The core backtracking algorithm is in =find-solutions=. It will recursively
exhaust all subsets. When it finds a subset which adds up to =target-sum=,
it will call the =callback= function - this function can either simply
increase a solution counter, report the current solution to the user, or
store it somewhere for later retrieval.

In the test example above, the callback function is =print-solution= which
increments a solution counter and prints the current solution.

To test the code, run =subset-sum-test=, providing an array size. This function
will create an array of =numbers= of that size and initialize it with random
values; it will also pick a random =target-sum=. In a real application,
you would replace =subset-sum-test= with a function which gets the array
data from somewhere (for example, from a tools database as in the customer's
case), and lets the user pick a =target-sum=.

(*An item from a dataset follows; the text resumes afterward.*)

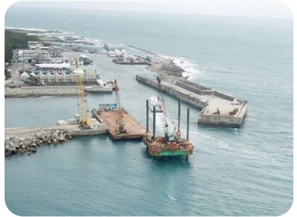
富岡漁港災後復建工程

縣政府為修復104及105年間蘇迪勒與莫蘭蒂颱風造成之富岡漁港防波堤損壞，經行政院於104至107年間陸續核定富岡漁港災後復建工程總經費3億5,352萬餘元，工程拆分為2個標案，富岡漁港災後復建工程(第1標)於108年5月9日驗收合格，結算金額1億2,864萬餘元，富岡漁港災後復建工程(第2標)於108年4月24日決標，決標金額2億185萬元，工期480日曆天，於同年6月6日開工，預定於109年9月27日完工；另為修復105年莫蘭蒂颱風造成之綠島漁港防波堤損壞，經行政院於106年11月9日核定工程復建經費4億300萬元，「臺東縣綠島漁港南防波堤堤頭復建工程」於107年8月21日決標，決標金額3億7,800萬元，工期450工作天，於同年9月18日開工，預定109年7月8日完工。經查其執行情形，核有：1. 富岡漁港復建工程施工廠

-- Main.ClausBrod - 01 Mar 2006

The aforementioned customer would actually have preferred a solution in CoCreate
Drafting's macro language. However, this macro language isn't really
a full-blown programming language (even though it is perfectly adequate
for almost all customization purposes). For instance, its macros cannot return
values, the language doesn't have an array type, and the macro expansion stack
(i.e. the depth of the macro call tree) has a fixed limit - which pretty much
rules out non-trivial amounts of recursion.

While I was considering my options, I also fooled around with VBA,
which resulted in the code presented below. I'm not at all
proficient in VBA, so I'm sure the implementation is lacking, but
anyway - maybe someone out there finds it useful nonetheless ;)

<pre>
Dim solutions As Long
Dim flags() As Boolean
Dim numbers() As Long

Sub findSolutions(k As Long, targetSum As Long)
  If targetSum = 0 Then
    ' we found a solution
    solutions = solutions + 1
    Exit Sub
  End If
  
  If k <= UBound(numbers) Then
    If (targetSum >= numbers(k)) Then
      flags(k) = True
      ' try first by subtracting numbers[k] from targetSum
      Call findSolutions(k + 1, targetSum - numbers(k))
      flags(k) = False
    End If
    
    ' now try without subtracting
    Call findSolutions(k + 1, targetSum)
  End If
End Sub

Sub subsetsum()
  Dim targetSum As Long
  Dim i As Long
  
  Dim arraySize As Long
  arraySize = 25
  ReDim numbers(0 To arraySize - 1)
  ReDim flags(0 To arraySize - 1)
  
  ' initialize numbers array with random entries
  Randomize
  For i = 0 To arraySize - 1
    numbers(i) = Int(1000 * Rnd + 1)
    flags(i) = False
    targetSum = targetSum + numbers(i)
  Next
  targetSum = Int(targetSum / 2)
  
  solutions = 0
  Call findSolutions(0, targetSum)
  MsgBox "Found " + Str(solutions) + " solutions."
End Sub
</pre>

Let's see - we recurse one level for each entry in the array, so with a maximum
array size of 30 (the customer said he was considering a table of 20-30 values),
the recursion depth should never exceed 30. That's not a lot, in fact,
so would this still exceed the macro stack thresholds in <nop>CoCreate Drafting?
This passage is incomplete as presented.